*Work to be completed*. Exclude the pictures, then restate every entry below exactly.

*Records shown*.
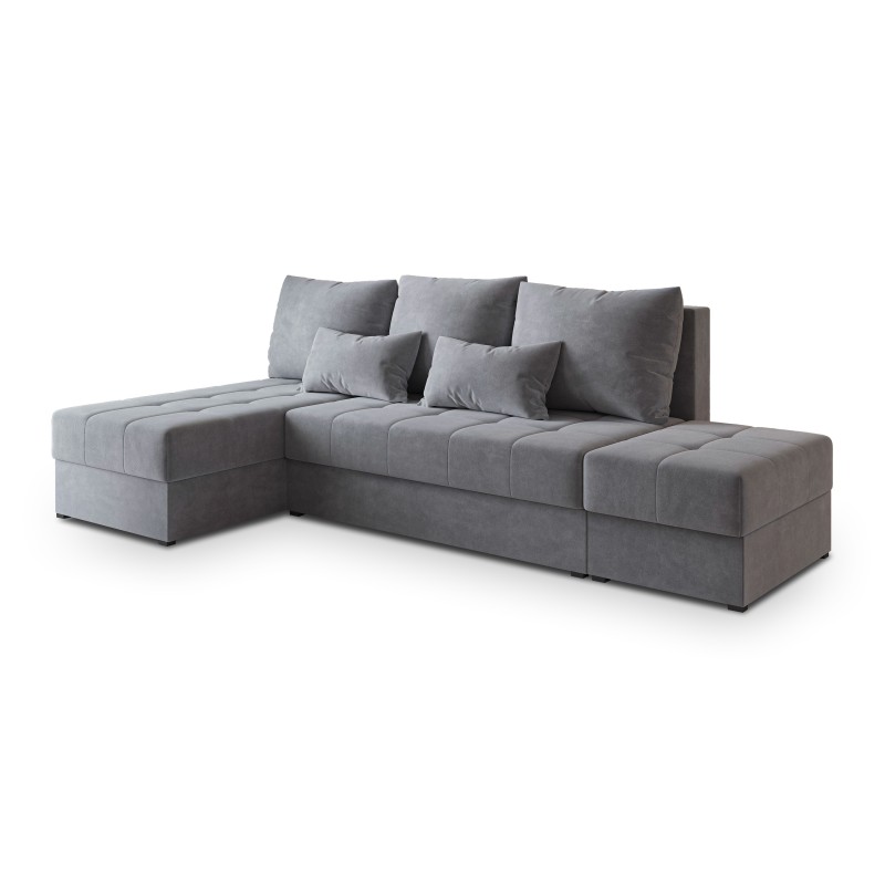 Masseno Narożnik NORVI z funkcją spania i pojemnikiem na pościel Narozniki L, Rozkładana sofa - Szary, KRONOS 15
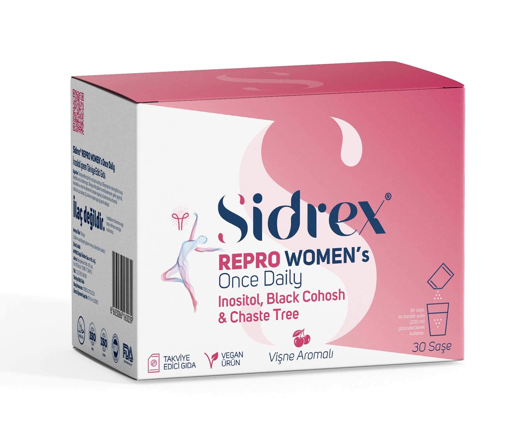 Sidrex® Repro Women’s Once Daily, kadınların ihtiyaçlarına yönelik özel olarak formüle edilen, Inositol başta olmak üzere 14 bileşenli zengin içeriğe sahip özel bir gıda takviyesidir. Repro Women’s Once Daily, kohoş ve hayıt bitkisel ekstreleriyle güçlendirilmiştir.
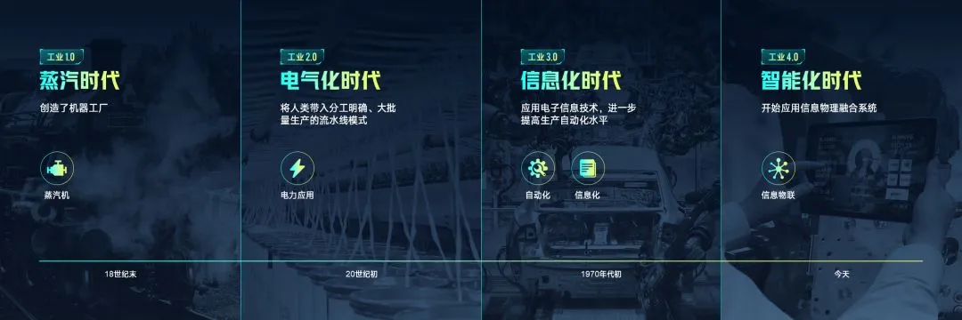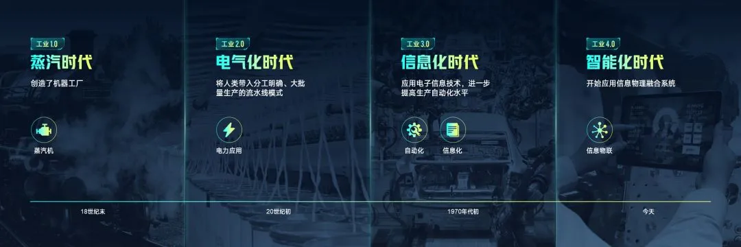 从内容分析可知,这是一页时间轴的页面,主要表达的,是工业革命的4个阶段:
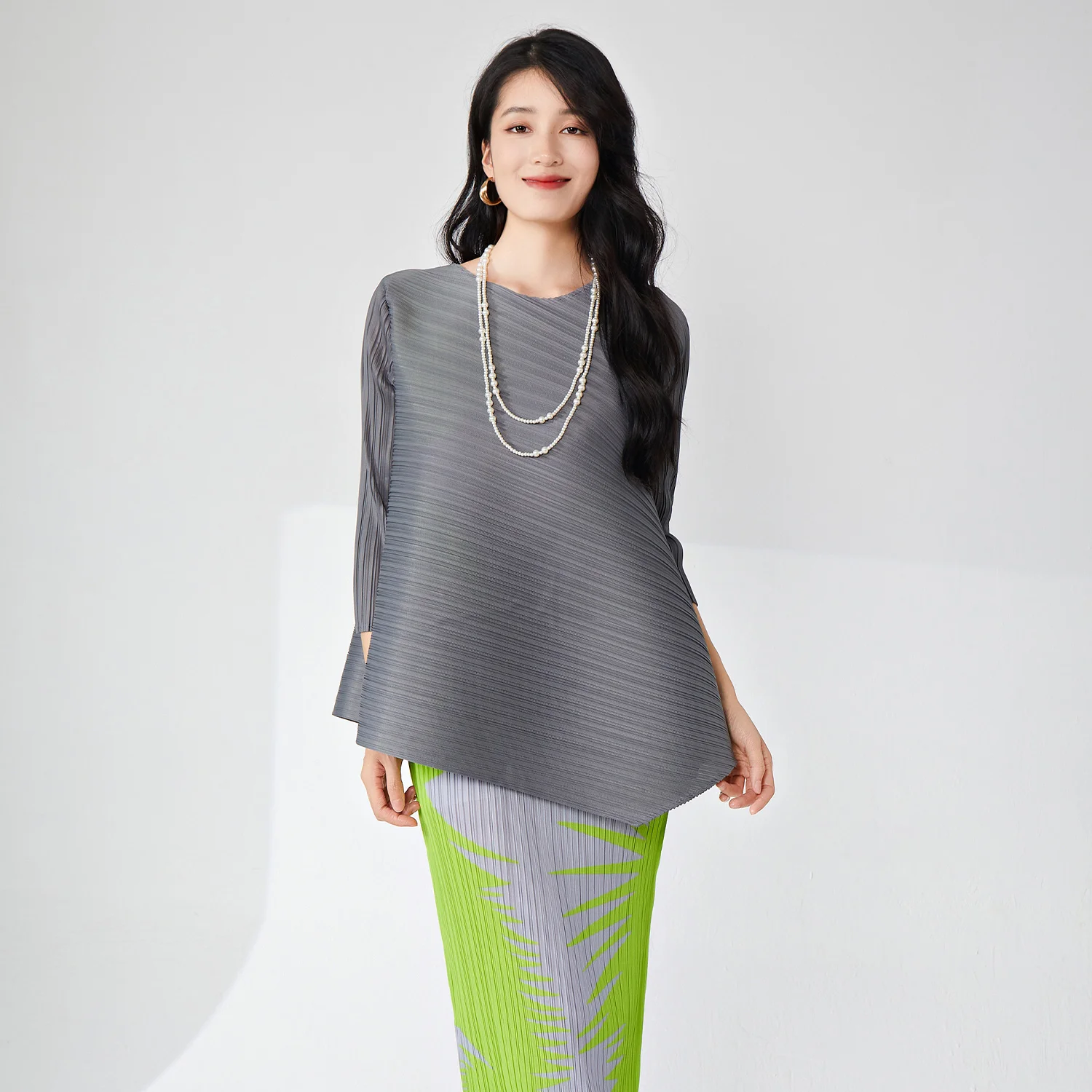 ZYHT 73907 Custom Design Long Sleeve High Neck Fashion Pleated Crystal Beads Ruched Knot High Slit Sexy Luxury Evening Dress
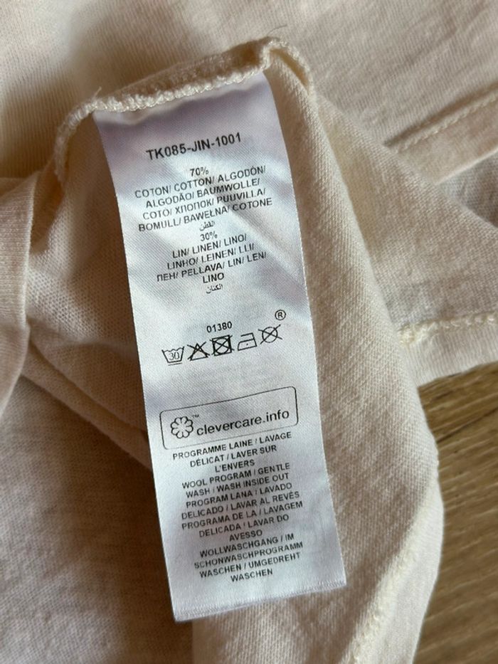 T-shirt élégant et léger de la marque Caroll, en très bon état. Couleur crème avec un joli liseré argenté au col en V, pour une touche chic et discrète. Composition : 70 % coton – 30 % lin (matière naturelle, respirante et confortable). Tissu doux, légèrement texturé, de belle qualité. Taille L – Convient à un 40/42. Largeur à plat sous aisselles : env. 50/52cm. Tombé fluide, parfait à porter seul ou sous une veste. Entretien : lavage délicat, programme laine à 30°, à l’envers.
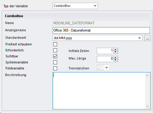 Die Variable Office 365 - Datumsformat (MSONLINE_DATEFORMAT) wird verwendet, um das Datumsformat für die Regionaleinstellung festzulegen.
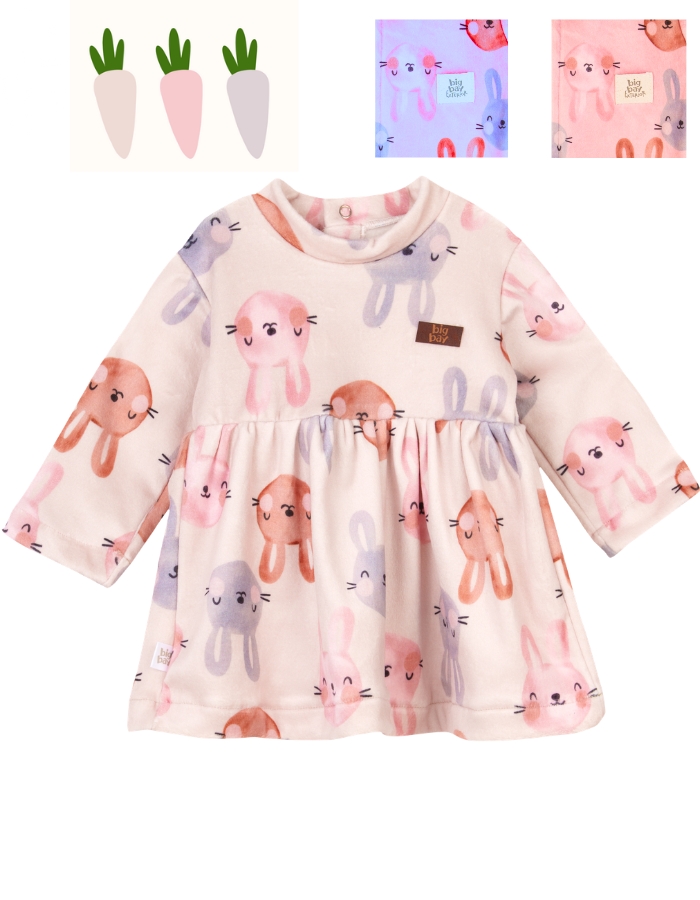 VESTIDO BEBA DE PLUSH ESTAMAPADO CONEJOS. BIG BAY
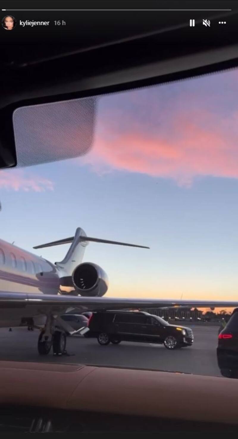 A través de Instagram Stories, Kylie Jenner compartió con sus más de 300 millones de seguidores videos cortos a su arribo al aeropuerto.
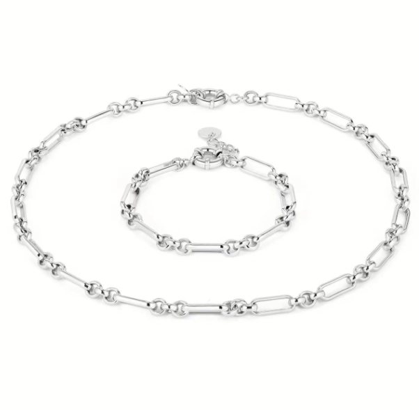 Bask in the golden gleam of this gorgeous Stefano Link bracelet. It features a mega figaro design with larger oval links alternating with smaller circular rings; it’s the perfect piece for any time wear; add the Stefana Link Necklace for a complete look.✨✨✨
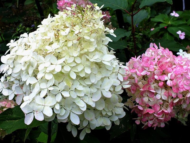 В биоцентре возле маньчжурского ореха красуется прекрасная гортензия метельчатая. Она настолько хорошо, что бессменно занимают самую верхушку цветочных парадов. Крупные и яркие соцветия гортензий состоят из больших цветков с четырьмя окрашенными «лепестками», своеобразных «обманок», настоящие же цветы — мелкие и невзрачные, запрятаны в глубине, среди яркого соцветия метелки. Уникальный кустарник привлекает внимание гостей, горожан, посетителей города. Они считаются цветами короткого дня, поэтому и начинают цвести, когда дни идут на убыль и являются одними из самых пышных и роскошных цветов. Соцветия, отцветая, хорошо используются в цветочных композициях, при составлении поделок из природного материала. Разнообразие расцветок не перестаёт поражать и восхищать: белые и кремовые, розовые они одни способны украсить весь мир, не повторяясь и не утомляя однообразием. Самое удивительное то, что можно поменять окраску соцветий, если изменить кислотность почвы: если она нейтральная или слабощелочная цвет розовый, если кислая – голубой. Однако «перекрашивание» происходит по мере взросления куста: посадив розовую гортензию в кислую почву, можно увидеть голубые соцветия лишь спустя несколько лет, а с помощью искусственного окрашивания можно получить расцветку благодаря раствору алюминиевых или железных квасцов из расчета 5 л на молодое растение.
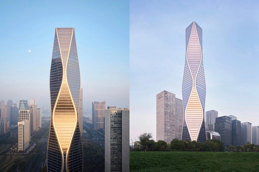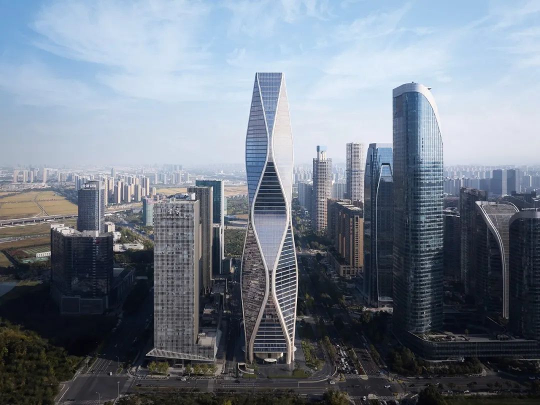 12.5 萬平方米的塔樓,造型獨特,沿著脈動的曲線向著云端升騰,讓人聯(lián)想到錢塘江漣漪的波紋。
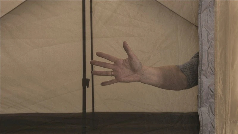 - Flap down or toggle up groundsheet in the door
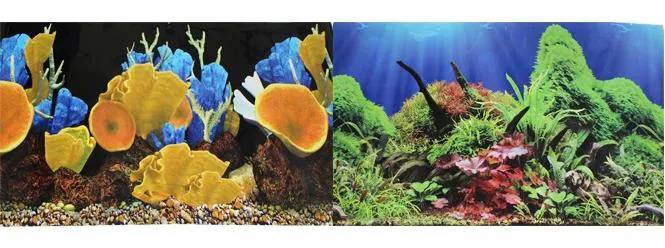 Фон для аквариума двухсторонний Морские кораллы/Подводный мир 50х100 см - декоративная пленка, которая предназначена для крепления к задней стенке аквариума. При помощи фона можно сделать дизайн аквариума более интересным и объемным, при этом не понадобится тратить значительные средства. Благодаря двухстороннему фону можно менять фон, оживляя интерьер аквариума.

*Exercise answer*.
 Masseno Narożnik NORVI z funkcją spania i pojemnikiem na pościel Narozniki L, Rozkładana sofa - Szary, KRONOS 15
 Sidrex® Repro Women’s Once Daily, kadınların ihtiyaçlarına yönelik özel olarak formüle edilen, Inositol başta olmak üzere 14 bileşenli zengin içeriğe sahip özel bir gıda takviyesidir. Repro Women’s Once Daily, kohoş ve hayıt bitkisel ekstreleriyle güçlendirilmiştir.
 从内容分析可知,这是一页时间轴的页面,主要表达的,是工业革命的4个阶段:
 ZYHT 73907 Custom Design Long Sleeve High Neck Fashion Pleated Crystal Beads Ruched Knot High Slit Sexy Luxury Evening Dress
 T-shirt élégant et léger de la marque Caroll, en très bon état. Couleur crème avec un joli liseré argenté au col en V, pour une touche chic et discrète. Composition : 70 % coton – 30 % lin (matière naturelle, respirante et confortable). Tissu doux, légèrement texturé, de belle qualité. Taille L – Convient à un 40/42. Largeur à plat sous aisselles : env. 50/52cm. Tombé fluide, parfait à porter seul ou sous une veste. Entretien : lavage délicat, programme laine à 30°, à l’envers.
 Die Variable Office 365 - Datumsformat (MSONLINE_DATEFORMAT) wird verwendet, um das Datumsformat für die Regionaleinstellung festzulegen.
 VESTIDO BEBA DE PLUSH ESTAMAPADO CONEJOS. BIG BAY
 A través de Instagram Stories, Kylie Jenner compartió con sus más de 300 millones de seguidores videos cortos a su arribo al aeropuerto.
 Bask in the golden gleam of this gorgeous Stefano Link bracelet. It features a mega figaro design with larger oval links alternating with smaller circular rings; it’s the perfect piece for any time wear; add the Stefana Link Necklace for a complete look.✨✨✨
 В биоцентре возле маньчжурского ореха красуется прекрасная гортензия метельчатая. Она настолько хорошо, что бессменно занимают самую верхушку цветочных парадов. Крупные и яркие соцветия гортензий состоят из больших цветков с четырьмя окрашенными «лепестками», своеобразных «обманок», настоящие же цветы — мелкие и невзрачные, запрятаны в глубине, среди яркого соцветия метелки. Уникальный кустарник привлекает внимание гостей, горожан, посетителей города. Они считаются цветами короткого дня, поэтому и начинают цвести, когда дни идут на убыль и являются одними из самых пышных и роскошных цветов. Соцветия, отцветая, хорошо используются в цветочных композициях, при составлении поделок из природного материала. Разнообразие расцветок не перестаёт поражать и восхищать: белые и кремовые, розовые они одни способны украсить весь мир, не повторяясь и не утомляя однообразием. Самое удивительное то, что можно поменять окраску соцветий, если изменить кислотность почвы: если она нейтральная или слабощелочная цвет розовый, если кислая – голубой. Однако «перекрашивание» происходит по мере взросления куста: посадив розовую гортензию в кислую почву, можно увидеть голубые соцветия лишь спустя несколько лет, а с помощью искусственного окрашивания можно получить расцветку благодаря раствору алюминиевых или железных квасцов из расчета 5 л на молодое растение.
 12.5 萬平方米的塔樓,造型獨特,沿著脈動的曲線向著云端升騰,讓人聯(lián)想到錢塘江漣漪的波紋。
 - Flap down or toggle up groundsheet in the door
 Фон для аквариума двухсторонний Морские кораллы/Подводный мир 50х100 см - декоративная пленка, которая предназначена для крепления к задней стенке аквариума. При помощи фона можно сделать дизайн аквариума более интересным и объемным, при этом не понадобится тратить значительные средства. Благодаря двухстороннему фону можно менять фон, оживляя интерьер аквариума.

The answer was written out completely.